▶ Action item
All of the listing below must be repeated word for word. Pictures are the only thing to omit.
Segment Start: Provided material
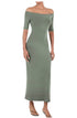 Introducing the Carolyn Off-the-shoulder Jersey Midi Dress by ANEMOS, a sophisticated addition in a serene sage hue. This dress features short sleeves and an elegant off-the-shoulder neckline, perfect for holiday parties. Composition: 94% Cupro, 6% Elastane. Closure: Pull on design. Care: Machine wash and line dry. Ideal for summer occasions, its bodycon silhouette offers a flattering fit.
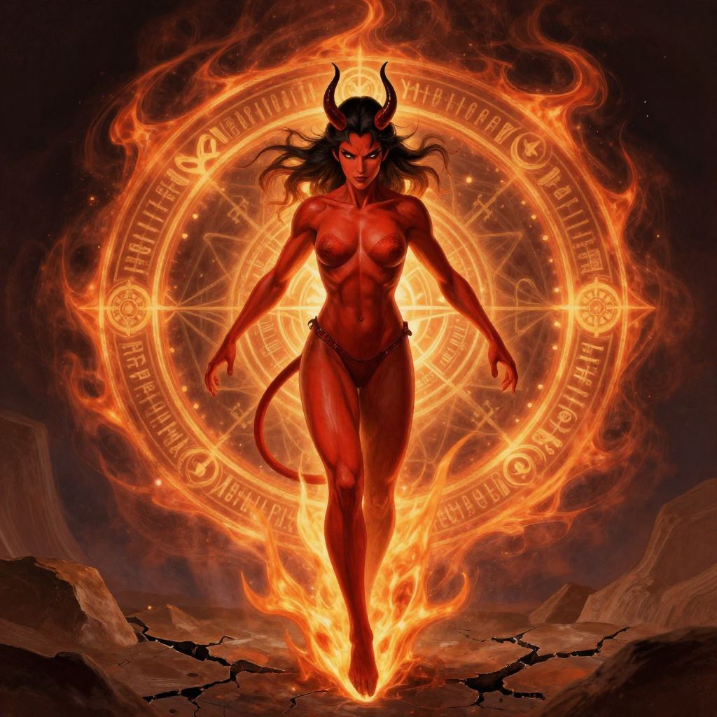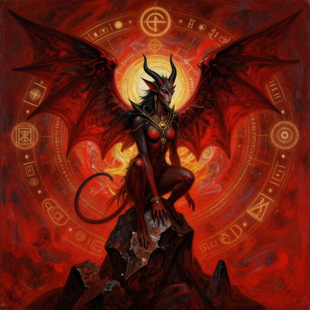 Azazel painting featuring an enigmatic winged creature with human and beast features, perched on a jagged rock, surrounded by swirling mystical symbols and glowing runes, created in a vibrant, modern fantasy style with a palette of reds, blacks, and golds.
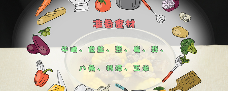 准备食材:牛腩、食盐、葱、姜、蒜、八角、料酒、玉米。
Segment End: Provided material
▶ Reply to the task
 Introducing the Carolyn Off-the-shoulder Jersey Midi Dress by ANEMOS, a sophisticated addition in a serene sage hue. This dress features short sleeves and an elegant off-the-shoulder neckline, perfect for holiday parties. Composition: 94% Cupro, 6% Elastane. Closure: Pull on design. Care: Machine wash and line dry. Ideal for summer occasions, its bodycon silhouette offers a flattering fit.
 Azazel painting featuring an enigmatic winged creature with human and beast features, perched on a jagged rock, surrounded by swirling mystical symbols and glowing runes, created in a vibrant, modern fantasy style with a palette of reds, blacks, and golds.
 准备食材:牛腩、食盐、葱、姜、蒜、八角、料酒、玉米。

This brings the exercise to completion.